Kazakhstan Road Corridor Assessment

Place: Kazakhstan– Dates: 2008-9 – Partner: ADB

Project Summary

ADB is engaged across the Central Asian region for infrastructure and other projects to facilitate economic growth and regional integration. Included among these is a large road network project in Kazakhstan. As Figure 1 indicates, this project implicates not only many regions of this country (the world’s seventh largest by land area), but also its major trade routes to neighbouring and more distant trading partners. Like many large projects, the costs and benefits of this will be complex and dispersed over time and across domestic, regional, and even global stakeholder groups. Using a new modeling facility beings developed for the Central Asian Region (CAR), we examine the growth effects of the project over the period 2008-2030.

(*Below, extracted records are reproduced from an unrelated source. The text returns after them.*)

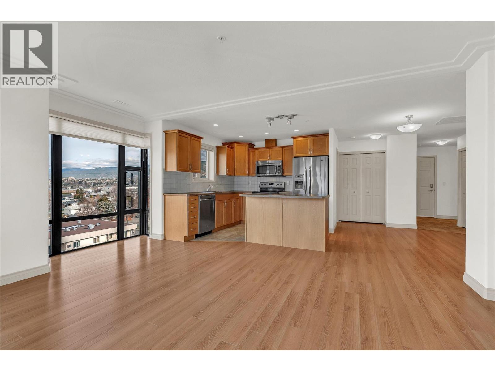 Best location in the building! Welcome to easy living in this bright, move-in ready condo located in Phase 2 of Athens Creek Towers—perfectly positioned on the 7th floor as a NW CORNER unit with incredible views. Whether you're downsizing or looking for a low-maintenance lifestyle, this home has it all! This 2 bedroom, 2 bathroom unit offers a smart open layout with large windows wrapping around the living space for natural light all day, and a gas fireplace you can enjoy from the kitchen, dining, and living areas. The spacious patio expands your living space even further. The kitchen has plenty of cabinetry and a large island with bar seating. The primary bedroom includes a walk-in closet and ensuite with a walk-in shower, while the second bedroom is perfect for guests, hobbies, or a home office. There's also ample in-unit storage to keep everything tidy, while also having a designated secured storage locker underground as well. Step outside and you’re literally across the street from Cherry Lane Mall, Save-On-Foods, London Drugs, banks, pharmacies, a walk-in clinic, and Lions Park. Pet-friendly building allows 2 pets (dogs or cats). Great amenities like a fitness room, library, and regular social events. Quick possession possible! (id:21321)
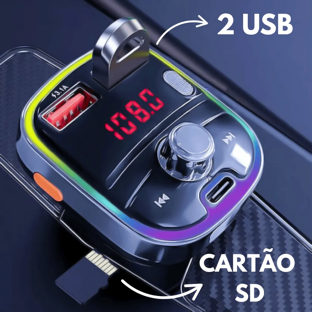 Carregador Transmissor Veicular MP3 Player Bluetooth RGB 18W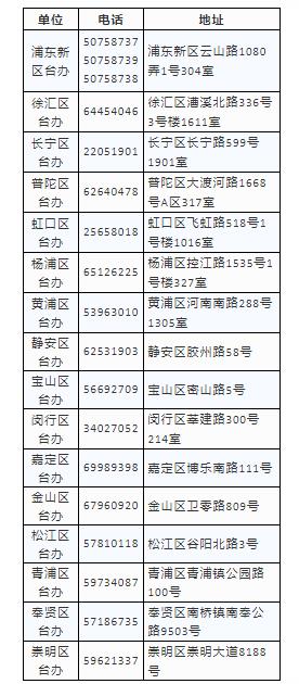 为了方便台胞了解相关信息,上海市台办还公布了台胞服务中心的咨询电话(021- 62625599),以及各区台办的联系方式。

The Kazakhstan road corridor project is very large in the early years, with negative gross net cash flow exceeding 8 percent of GDP in the second year, and in excess of 5 percent in each of the first four years (Table 1). The significance of direct project finance tapers off sharply after this, but the economic value of the transport and distribution services this corridor provides, including collateral investments around the corridor, will continue to grow in both absolute terms and relative to the rest of the country, where infrastructure services are generally inferior to those provided by this project. The primary objective of this analysis is to elucidate these complex and far-reaching indirect effects, by which the project exerts economic growth leverage across Kazakhstan, CAREC generally, and via trade to even more distant regions.